"They like Bob," explained Hamilton. "Don't you, Mr. Hunchberg? Yes, he
says they do extremely!" (He used such words as "extremely" often;
indeed, as Dowden said, he talked "like a child in a book," which was
due, I dare say, to his English mother.) "And I'm sure," the boy went
on, "that all the family will admire Cousin David. Yes, Mr. Hunchberg
says, he thinks they will."
And then (as Bob told me) he went almost out of his head with joy when
Beasley offered Mr.
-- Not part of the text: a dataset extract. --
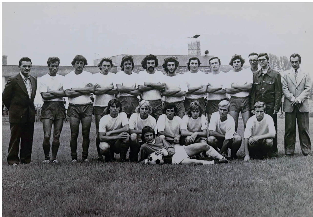
fotón a feljutó csapat kerete

Hunchberg a cigar and struck a match for him to
light it.
"But WHAR," exclaimed the old darky, "whar in de name o' de good Gawd do
de chile git dem NAMES? Hit lak to SKEER me!"
That was a subject often debated between Dowden and me: there was
nothing in Wainwright that could have suggested them, and it did not
seem probable he could have remembered them from over the water. In my
opinion they were the inventions of that busy and lonely little brain.
I met the Hunchberg family, myself, the day after their arrival, and
Beasley, by that time, had become so well acquainted with them that he
could remember all their names, and helped in the introductions. There
was Mr. Hunchberg--evidently the child's favorite, for he was described
as the possessor of every engaging virtue--and there was that lively
matron, Mrs. Hunchberg; there were the Hunchberg young gentlemen, Tom,
Noble, and Grandee; and the young ladies, Miss Queen, Miss Marble, and
Miss Molanna--all exceedingly gay and pretty.